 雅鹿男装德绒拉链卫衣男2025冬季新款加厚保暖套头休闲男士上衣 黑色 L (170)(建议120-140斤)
= = = = =
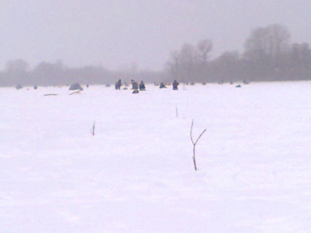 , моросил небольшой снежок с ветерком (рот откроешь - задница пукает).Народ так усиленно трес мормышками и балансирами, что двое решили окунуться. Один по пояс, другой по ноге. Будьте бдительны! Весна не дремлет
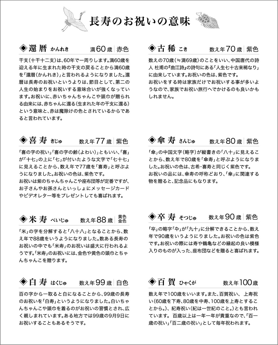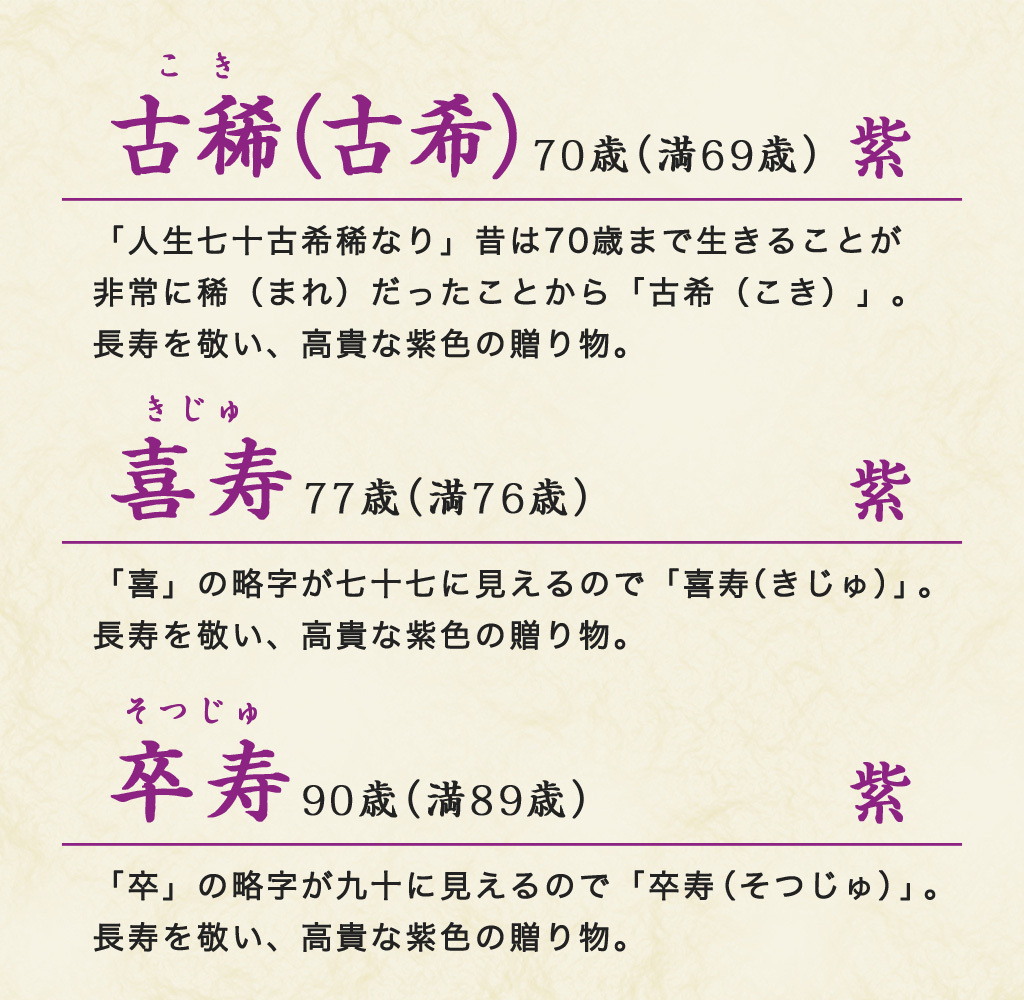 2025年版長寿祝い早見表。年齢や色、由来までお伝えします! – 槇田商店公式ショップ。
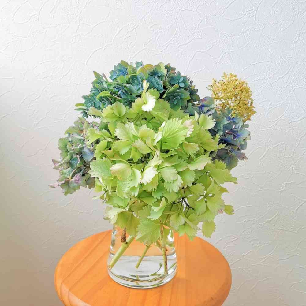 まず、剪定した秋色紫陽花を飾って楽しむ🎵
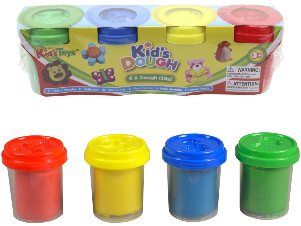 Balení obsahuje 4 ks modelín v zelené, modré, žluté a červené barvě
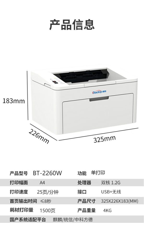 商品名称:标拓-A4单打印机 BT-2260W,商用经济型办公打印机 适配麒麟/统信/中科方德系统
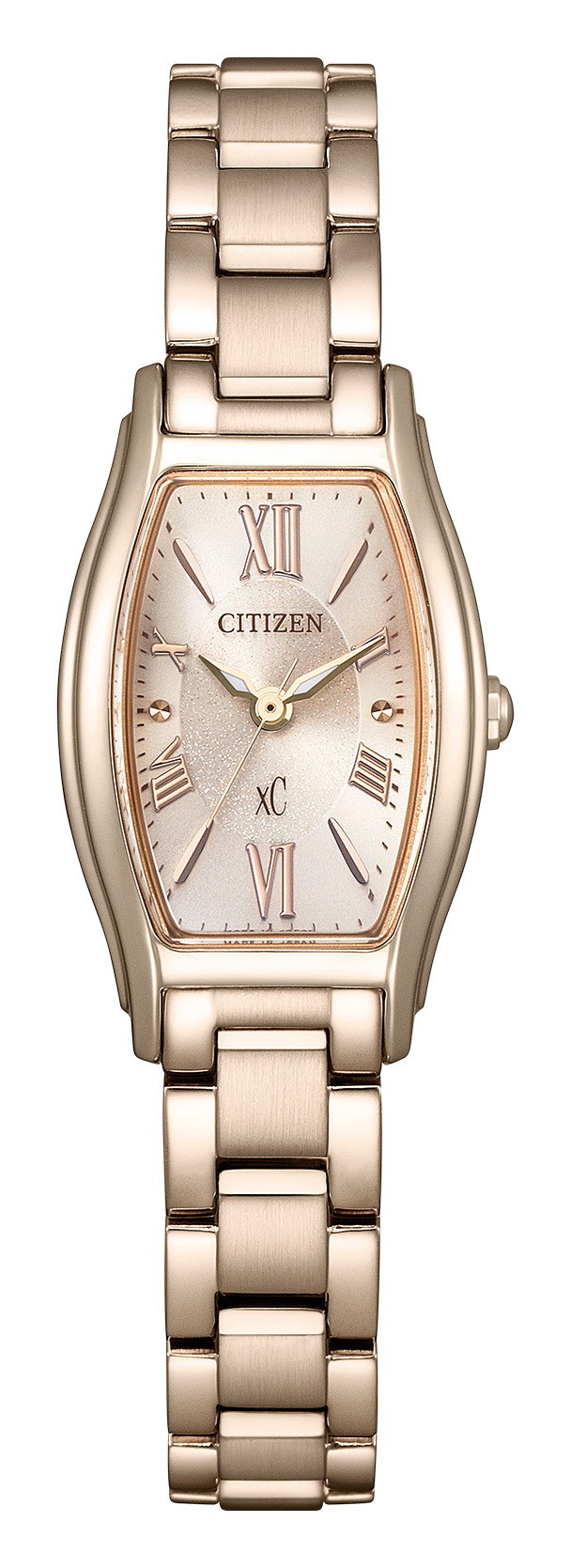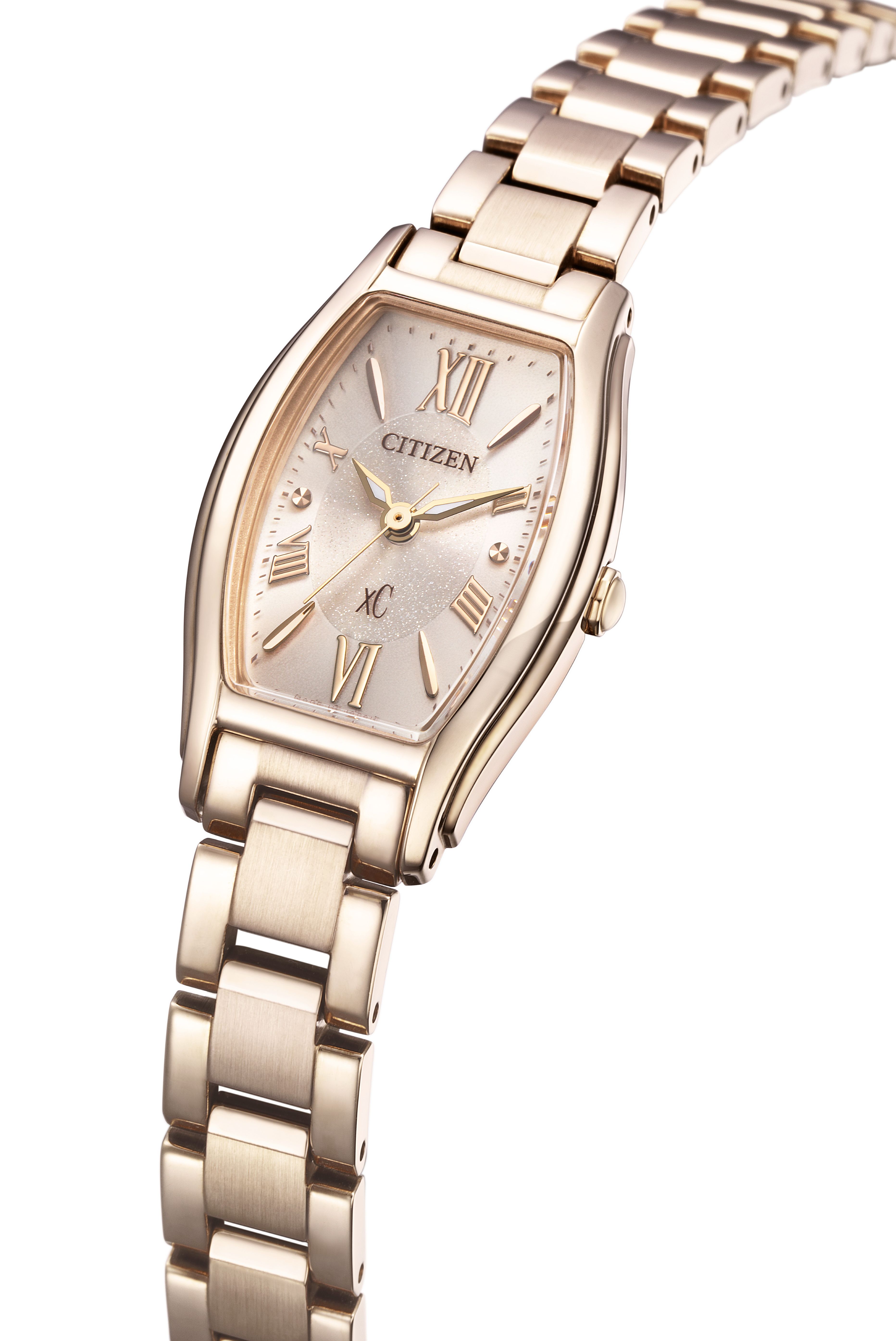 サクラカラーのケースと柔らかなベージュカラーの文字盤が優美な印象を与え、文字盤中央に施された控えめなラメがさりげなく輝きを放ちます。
= = = = =
> _Your instructions_:
Return only the part above that opens with the line containing "まず、剪定した秋色紫陽花を飾って楽しむ🎵" and closes with the line containing "サクラカラーのケースと柔らか", exactly and with both ends, skipping the pictures.

> _Answer_:
 まず、剪定した秋色紫陽花を飾って楽しむ🎵
 Balení obsahuje 4 ks modelín v zelené, modré, žluté a červené barvě
 商品名称:标拓-A4单打印机 BT-2260W,商用经济型办公打印机 适配麒麟/统信/中科方德系统
 サクラカラーのケースと柔らかなベージュカラーの文字盤が優美な印象を与え、文字盤中央に施された控えめなラメがさりげなく輝きを放ちます。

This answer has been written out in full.